• [What you need to do]: The data below contains pictures, which are to be skipped; the lines starting at the line with "通过对sil文件的分析,我们" and ending at the line with "Red light therapy" are to be output exactly, both ends included.
╭─ Records supplied
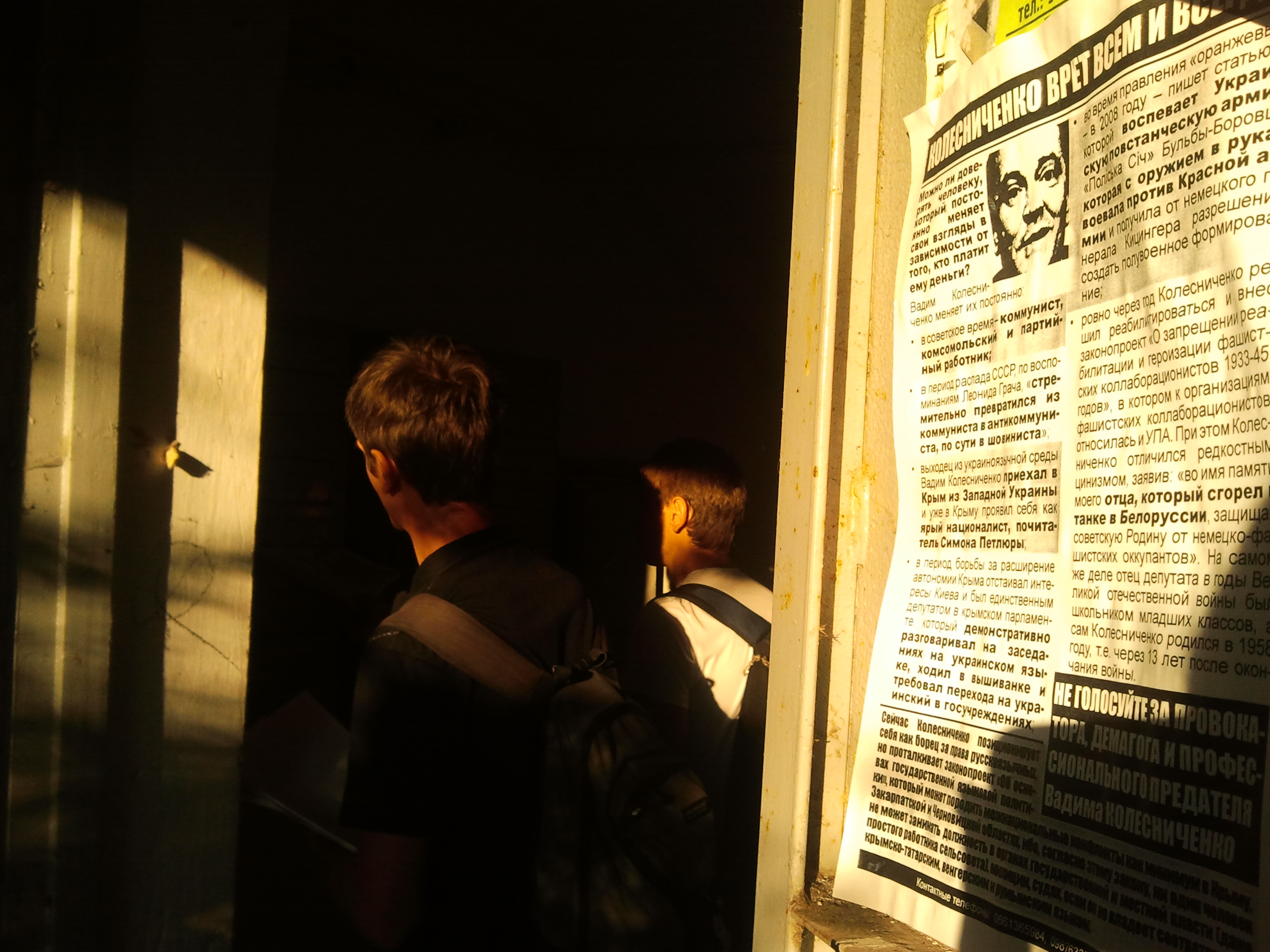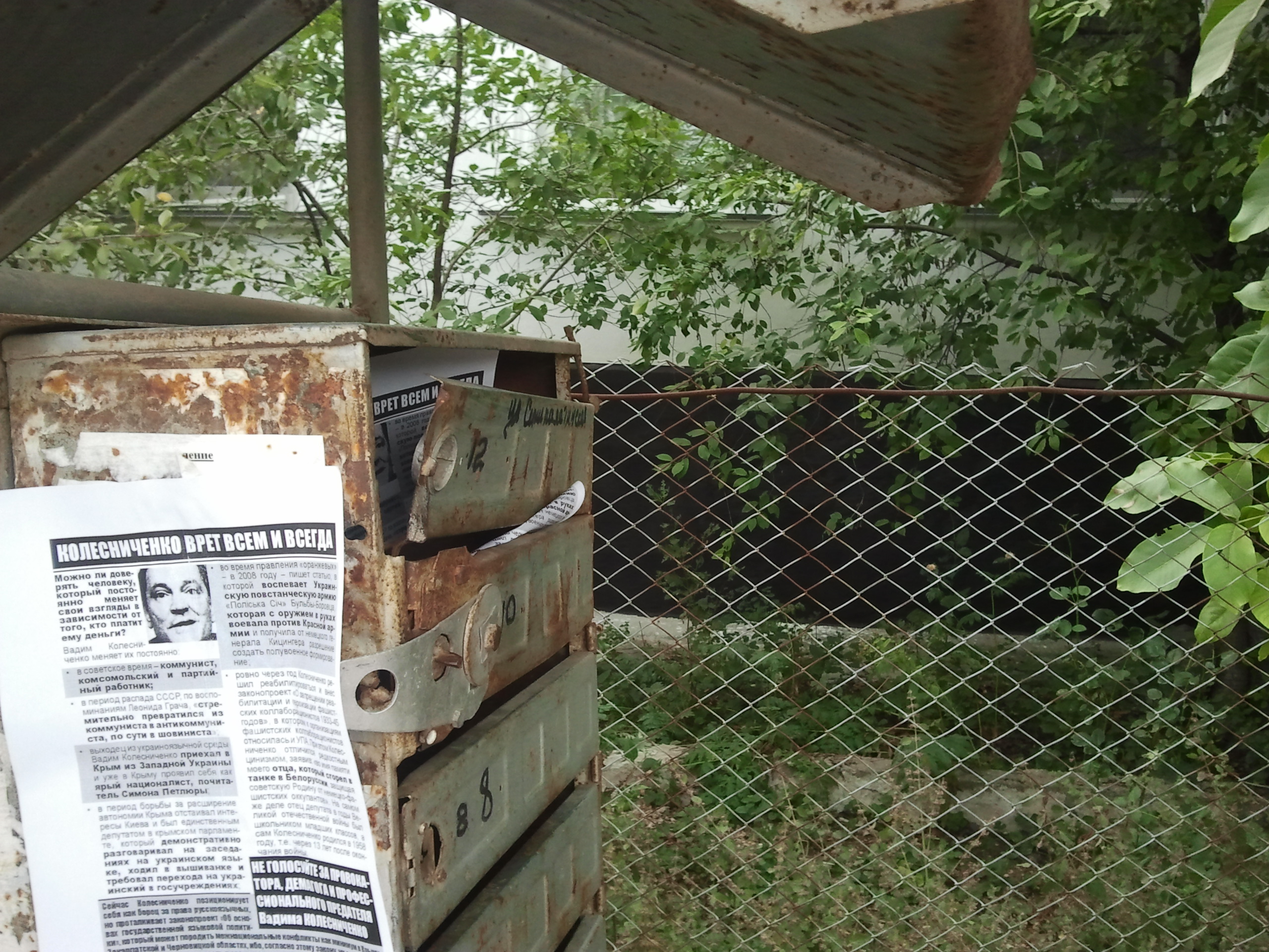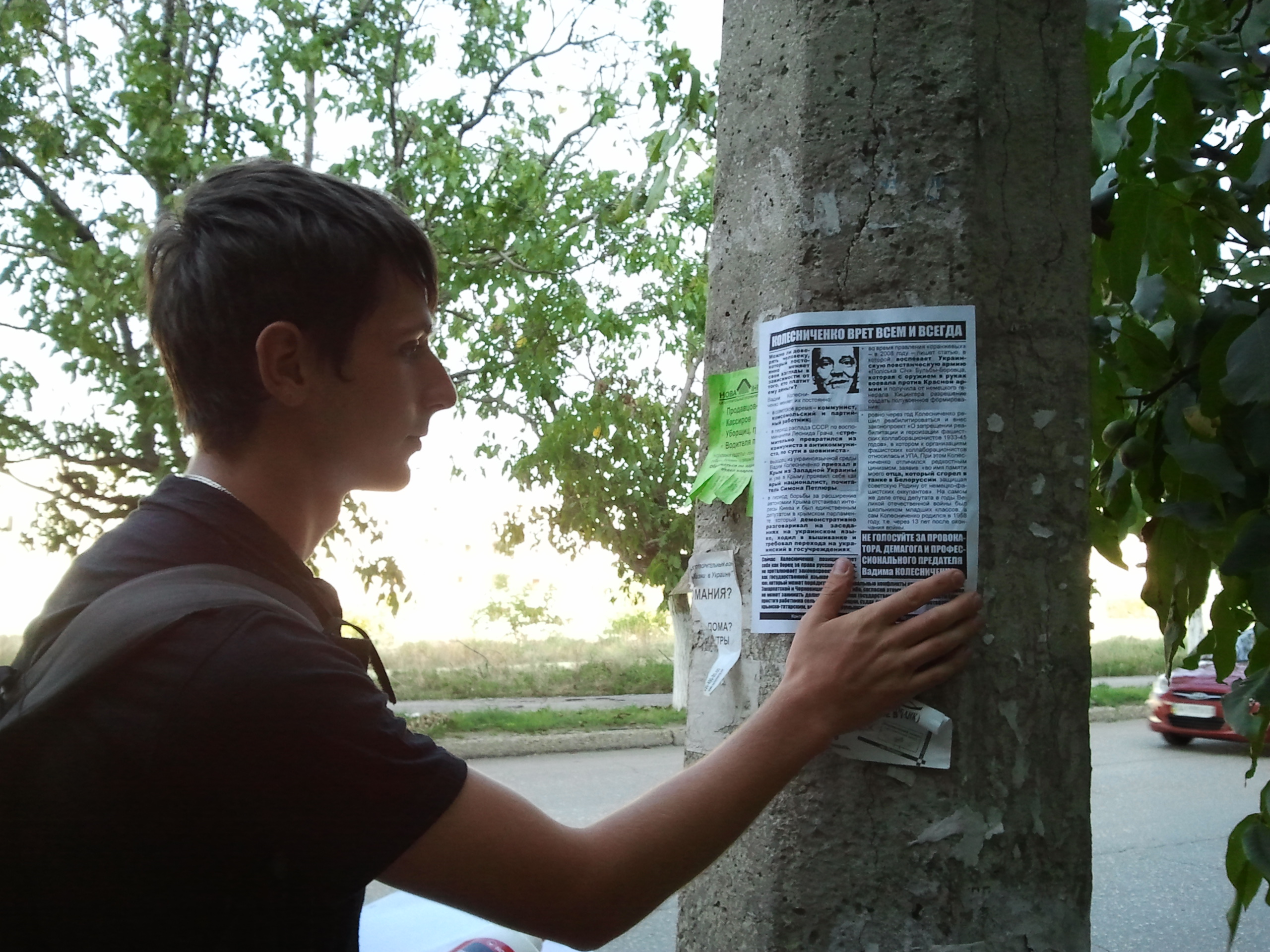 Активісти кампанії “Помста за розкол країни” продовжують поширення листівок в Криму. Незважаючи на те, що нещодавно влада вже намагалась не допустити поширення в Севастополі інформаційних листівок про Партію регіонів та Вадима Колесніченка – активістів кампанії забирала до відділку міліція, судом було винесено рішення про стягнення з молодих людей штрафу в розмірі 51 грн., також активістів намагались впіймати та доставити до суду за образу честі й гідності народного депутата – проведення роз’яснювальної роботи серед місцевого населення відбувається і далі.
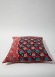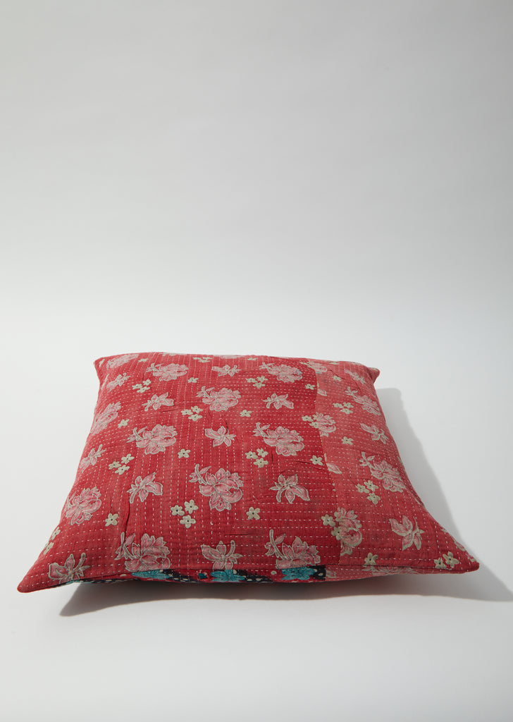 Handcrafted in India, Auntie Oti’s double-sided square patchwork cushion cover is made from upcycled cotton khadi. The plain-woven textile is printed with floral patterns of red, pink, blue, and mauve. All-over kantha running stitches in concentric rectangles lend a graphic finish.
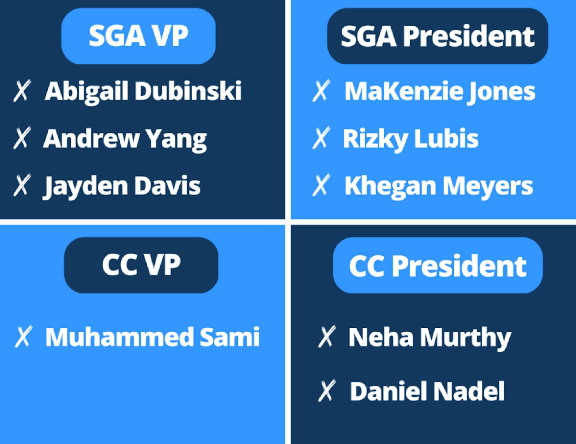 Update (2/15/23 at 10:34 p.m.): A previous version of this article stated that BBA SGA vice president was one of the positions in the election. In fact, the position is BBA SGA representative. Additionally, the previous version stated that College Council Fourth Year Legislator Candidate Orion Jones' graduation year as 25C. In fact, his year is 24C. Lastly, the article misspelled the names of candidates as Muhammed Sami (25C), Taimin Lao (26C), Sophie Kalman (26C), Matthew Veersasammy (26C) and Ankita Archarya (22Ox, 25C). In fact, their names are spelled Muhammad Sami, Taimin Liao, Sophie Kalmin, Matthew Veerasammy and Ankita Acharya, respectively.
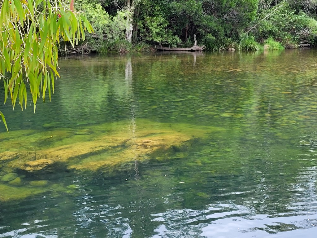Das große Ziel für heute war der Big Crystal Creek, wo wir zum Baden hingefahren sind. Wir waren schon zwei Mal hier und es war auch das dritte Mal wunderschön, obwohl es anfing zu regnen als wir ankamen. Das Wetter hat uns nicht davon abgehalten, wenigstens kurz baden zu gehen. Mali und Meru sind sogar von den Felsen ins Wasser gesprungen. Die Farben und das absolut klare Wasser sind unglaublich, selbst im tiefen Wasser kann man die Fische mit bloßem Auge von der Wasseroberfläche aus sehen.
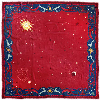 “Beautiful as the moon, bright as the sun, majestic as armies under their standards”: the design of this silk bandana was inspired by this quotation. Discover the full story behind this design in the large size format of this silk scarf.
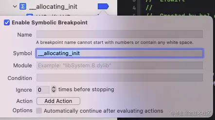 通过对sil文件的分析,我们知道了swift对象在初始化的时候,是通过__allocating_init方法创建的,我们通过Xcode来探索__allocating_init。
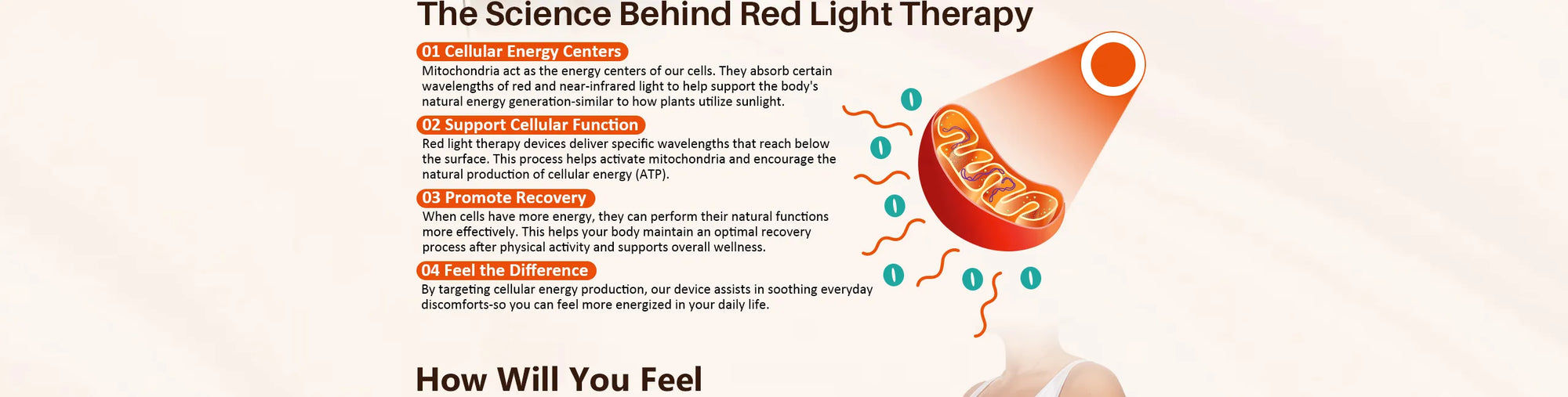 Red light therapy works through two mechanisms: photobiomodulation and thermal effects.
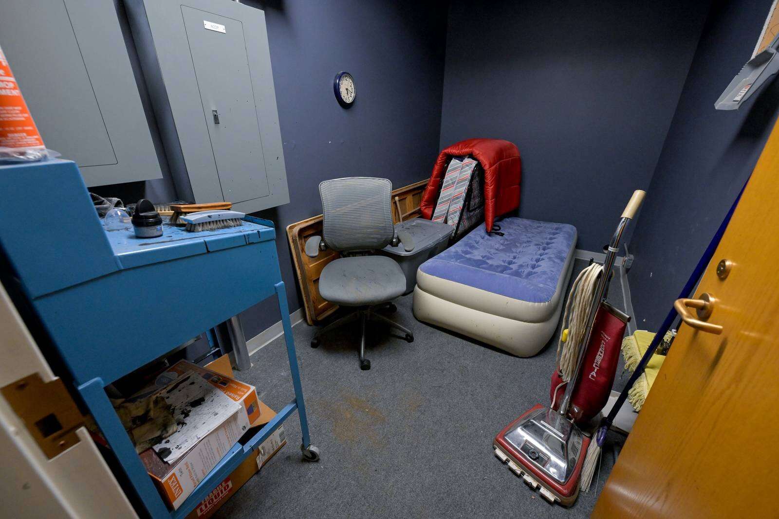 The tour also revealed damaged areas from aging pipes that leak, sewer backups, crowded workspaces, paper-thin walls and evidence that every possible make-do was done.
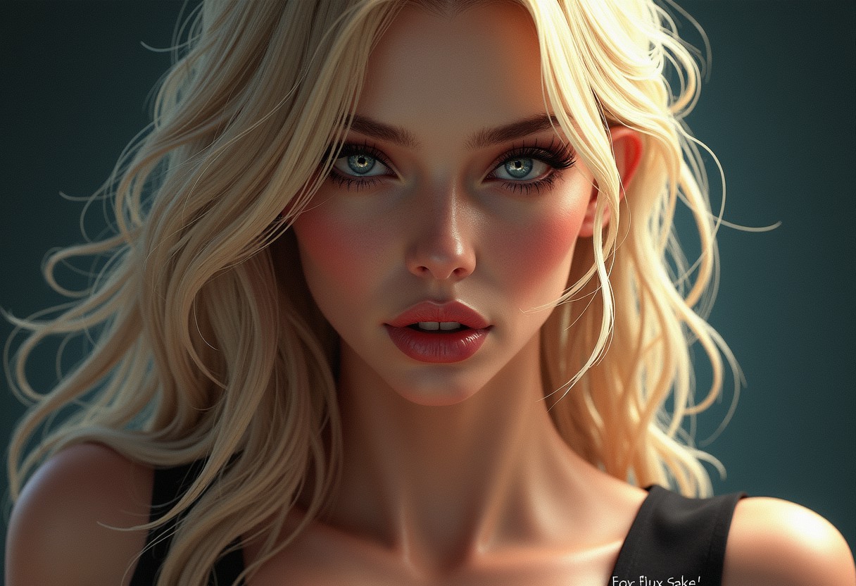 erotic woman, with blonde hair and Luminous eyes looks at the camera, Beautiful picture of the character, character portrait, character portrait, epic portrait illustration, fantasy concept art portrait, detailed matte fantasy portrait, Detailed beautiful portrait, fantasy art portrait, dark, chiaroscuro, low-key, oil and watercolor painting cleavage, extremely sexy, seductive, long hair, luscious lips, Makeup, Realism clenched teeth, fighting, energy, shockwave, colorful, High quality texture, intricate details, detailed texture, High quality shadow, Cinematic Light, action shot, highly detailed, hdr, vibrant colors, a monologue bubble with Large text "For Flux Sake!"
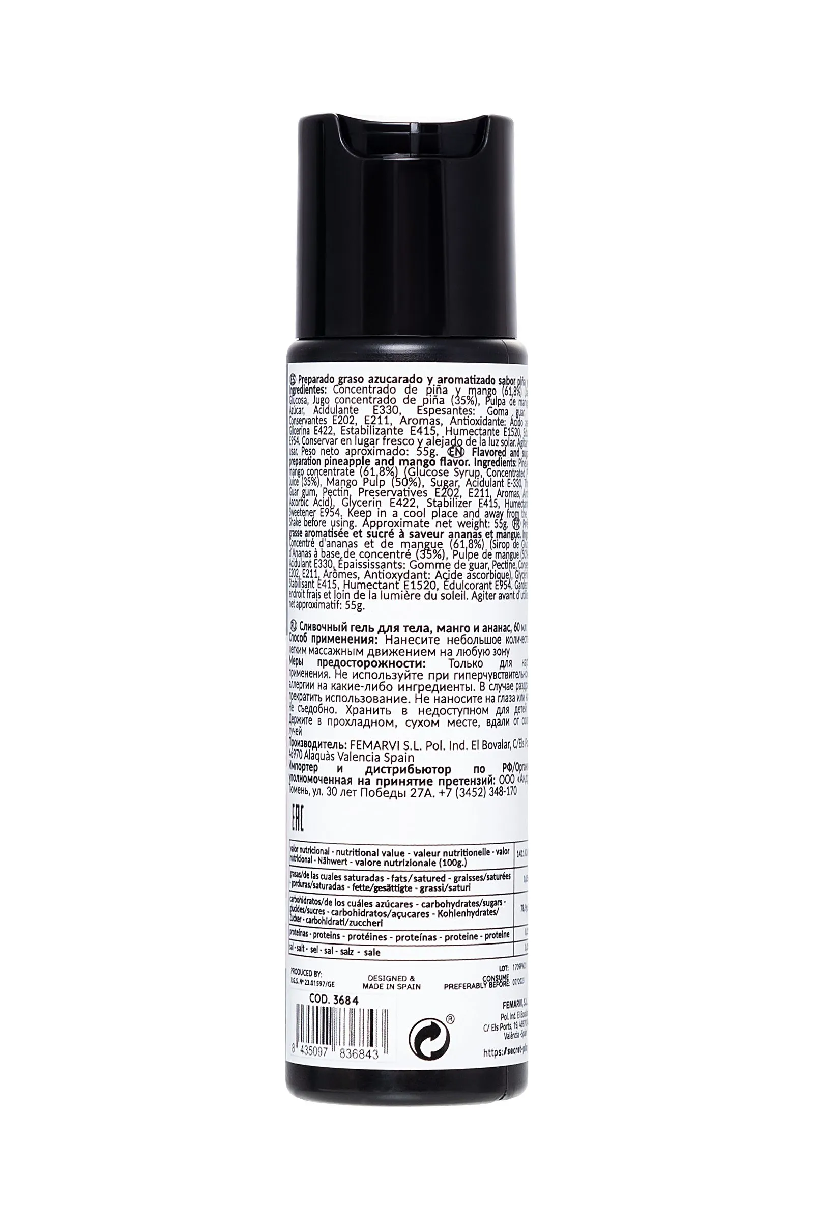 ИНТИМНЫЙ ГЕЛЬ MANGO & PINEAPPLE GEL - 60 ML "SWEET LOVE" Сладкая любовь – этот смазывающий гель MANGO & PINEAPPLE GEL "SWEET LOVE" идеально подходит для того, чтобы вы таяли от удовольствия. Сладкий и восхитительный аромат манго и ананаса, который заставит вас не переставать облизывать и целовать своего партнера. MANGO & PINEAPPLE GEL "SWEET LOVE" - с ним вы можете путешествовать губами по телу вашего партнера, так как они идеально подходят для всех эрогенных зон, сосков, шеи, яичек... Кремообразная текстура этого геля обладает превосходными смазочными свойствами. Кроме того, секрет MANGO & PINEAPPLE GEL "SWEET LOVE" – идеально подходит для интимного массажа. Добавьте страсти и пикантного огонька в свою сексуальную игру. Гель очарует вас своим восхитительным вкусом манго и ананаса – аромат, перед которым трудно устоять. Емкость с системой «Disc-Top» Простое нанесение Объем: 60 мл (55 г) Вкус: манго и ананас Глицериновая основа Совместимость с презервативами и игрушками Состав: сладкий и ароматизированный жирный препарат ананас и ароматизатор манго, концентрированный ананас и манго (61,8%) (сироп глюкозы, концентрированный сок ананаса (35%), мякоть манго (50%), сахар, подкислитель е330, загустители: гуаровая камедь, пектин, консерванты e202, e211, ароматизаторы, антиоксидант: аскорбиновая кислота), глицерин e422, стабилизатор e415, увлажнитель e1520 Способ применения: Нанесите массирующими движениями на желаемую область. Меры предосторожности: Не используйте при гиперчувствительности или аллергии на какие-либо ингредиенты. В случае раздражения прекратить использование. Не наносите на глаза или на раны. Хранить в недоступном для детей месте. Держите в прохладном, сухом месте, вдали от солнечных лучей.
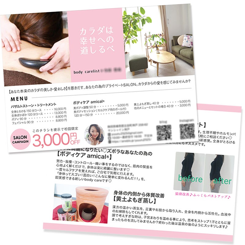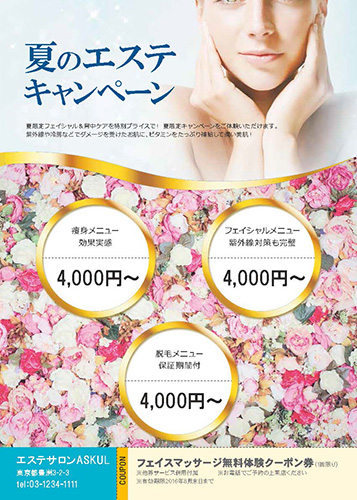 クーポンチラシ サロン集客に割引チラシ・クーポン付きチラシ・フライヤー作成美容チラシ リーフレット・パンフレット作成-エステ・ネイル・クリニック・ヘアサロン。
╰─
• [Output for this task]:
 通过对sil文件的分析,我们知道了swift对象在初始化的时候,是通过__allocating_init方法创建的,我们通过Xcode来探索__allocating_init。
 Red light therapy works through two mechanisms: photobiomodulation and thermal effects.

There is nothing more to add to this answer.